At 2 weeks following initial presentation, diffuse and symmetric erythematous to violaceous scaly papules and plaques, coalescing on the chest with islands of sparing.

Figure 4

At 2 weeks following initial presentation, diffuse and symmetric erythematous to violaceous scaly papules and plaques, coalescing on the back with islands of sparing.
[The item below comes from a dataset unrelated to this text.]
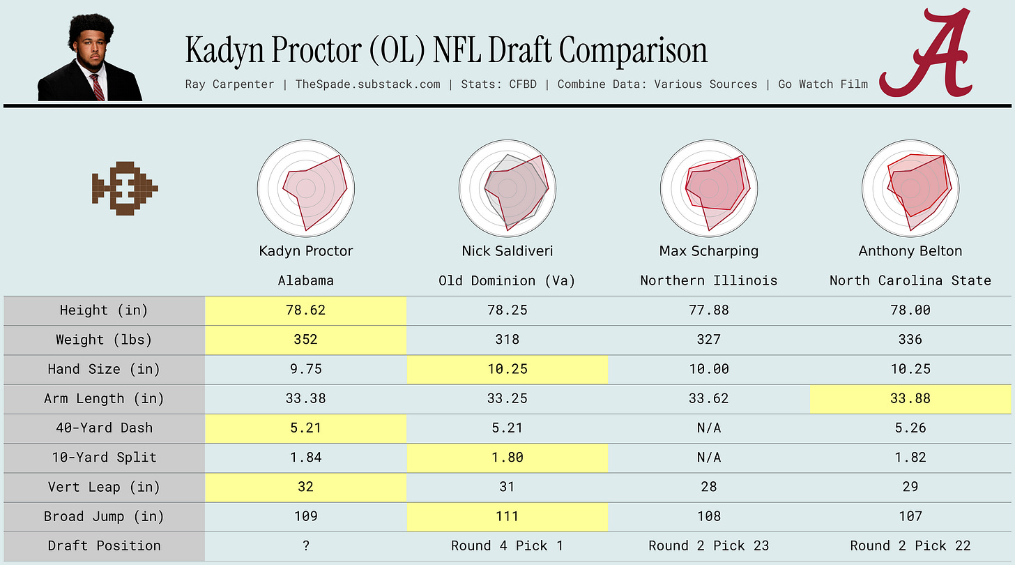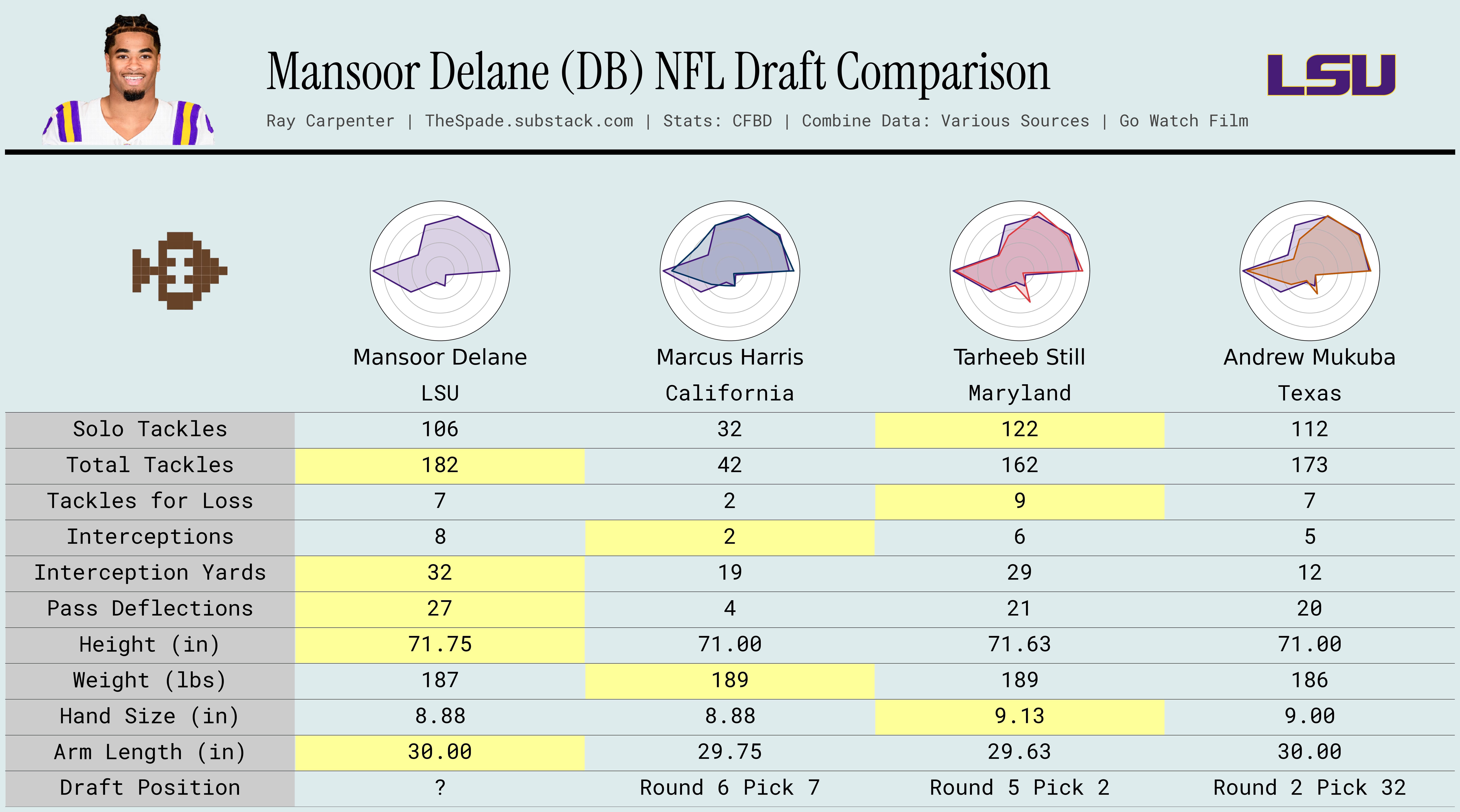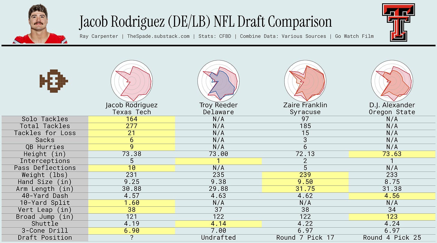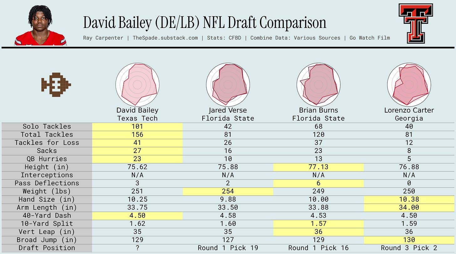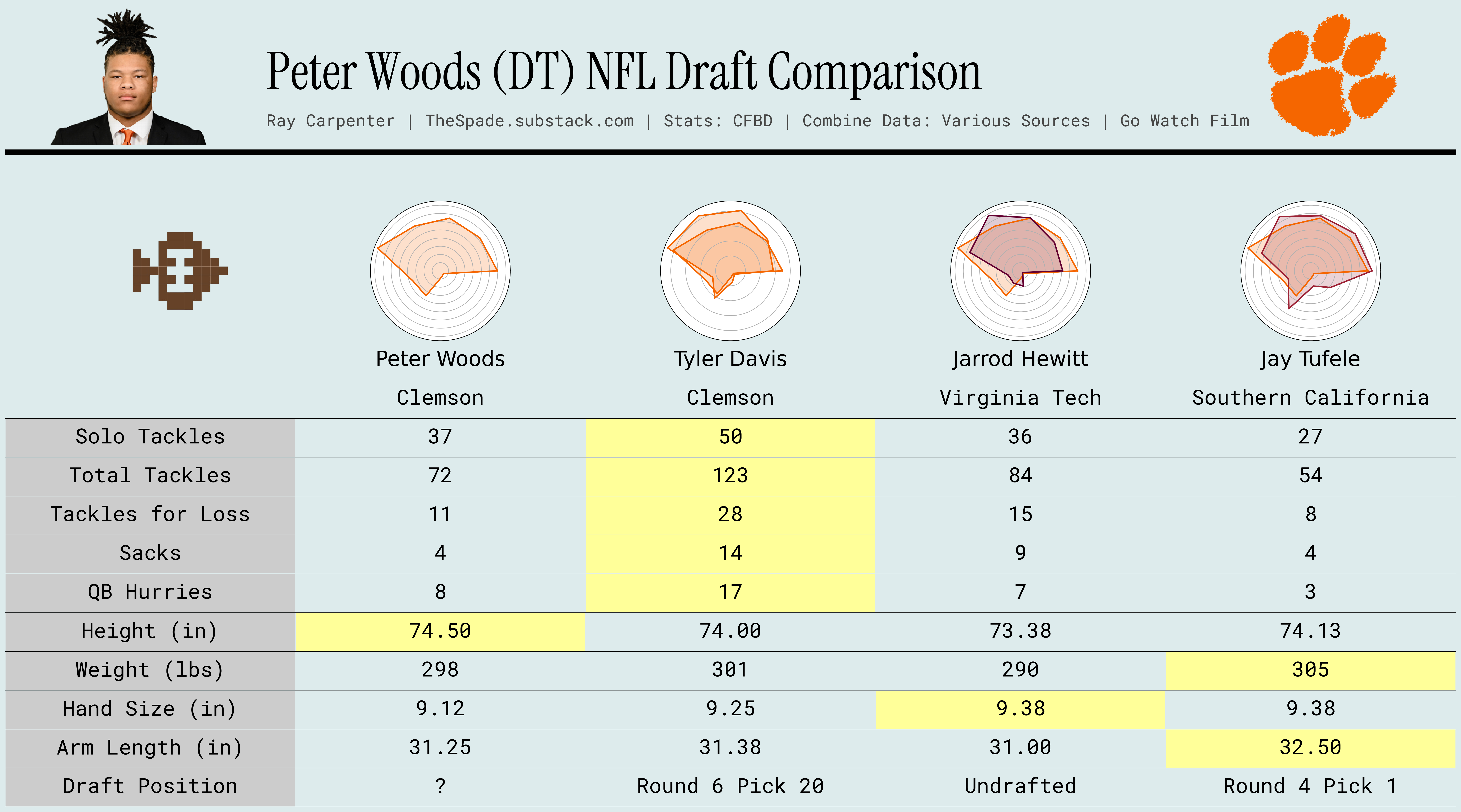 I added the caveat of “Go Watch Film” in the subtitle to offset the wonky comparisons that might pop up, especially for positions like offensive linemen that are more combine measurements based since they don’t have many free stats available online.

Laboratory work demonstrated a creatinine of 2.3, an ALT (alanine transaminase) of 203 (from 323), and an AST (aspartate transferase) of 72 (from 150). The RegiSCAR score was now 5, given that more than 50% of body surface area was involved, suggesting possible DIHS/DRESS. Three punch biopsies demonstrated lichenoid dermatitis, which could have been interpreted as drug-induced dermatitis. However, the histopathological changes associated with DIHS are not well-established, and the patient’s systemic involvement was more suggestive of DIHS [4]. The patient was discharged on prednisone (80 mg/day) and outpatient triamcinolone 0.01% ointment wraps. He experienced an improvement in the rash and pruritus with a gradual taper over six weeks.

Discussion

DIHS is characterized as a delayed hypersensitivity reaction that may occur after exposure to various medications. The latency period is prolonged and typically occurs two to eight weeks after drug exposure. Common clinical features include fever, rash, lymphadenopathy, facial edema, hematologic abnormalities, and internal organ involvement. The liver is the most common internal organ involved, however, other gastrointestinal manifestations such as colitis, esophagitis, and pancreatitis may occur [5,6]. Pulmonary involvement may manifest as an interstitial infiltrate and pleural effusions and is frequently misdiagnosed as pneumonia [7]. Myocarditis is an under-recognized manifestation of DIHS which may progress to acute necrotizing eosinophilic myocarditis [8]. The visceral involvement associated with DIHS may be associated with fatal complications and requires close long-term monitoring. Diagnostic lab abnormalities include atypical lymphocytes, eosinophilia, mild elevation in liver enzymes, and renal abnormalities. The most commonly implicated medications include aromatic anticonvulsants, sulfonamides, minocycline, dapsone, and allopurinol [9]. Although the cause is largely unknown, there is a potential for human herpesvirus 6 (HHV-6), human herpesvirus 6 (HHV-7), cytomegalovirus (CMV), and Epstein-Barr virus (EBV) reactivation [10]. Recent reports have shown it to develop after the use of bortezomib [2]. This chemotherapeutic agent is a proteasome inhibitor that acts through inhibition of the 26S proteasome, thereby preventing the activation of NF-kB. The end result of this inhibition is apoptosis of rapidly dividing atypical cells [11]. Treatment of DIHS includes stopping the causative medication and beginning systemic steroids. Management of these patients can be challenging because relapse of the condition is common if steroids are tapered too rapidly. It is essential for the clinician to counsel patients on this risk and to stress the importance of patient compliance with the long steroid taper to avoid recurrent DIHS. Intravenous immunoglobulins, cyclosporine, tofacitinib, and cyclophosphamide have been utilized as second-line therapies in severe cases of DIHS.

Conclusions

We report a case of drug-induced hypersensitivity syndrome secondary to bortezomib that re-occurred upon steroid taper in a patient with multiple myeloma to highlight a rare cause of the syndrome. We also use this case to emphasize the temporal relationship of DIHS to aid in the search for causality. Clinicians should be aware of the potential for refractory DIHS if steroid therapy is tapered too quickly.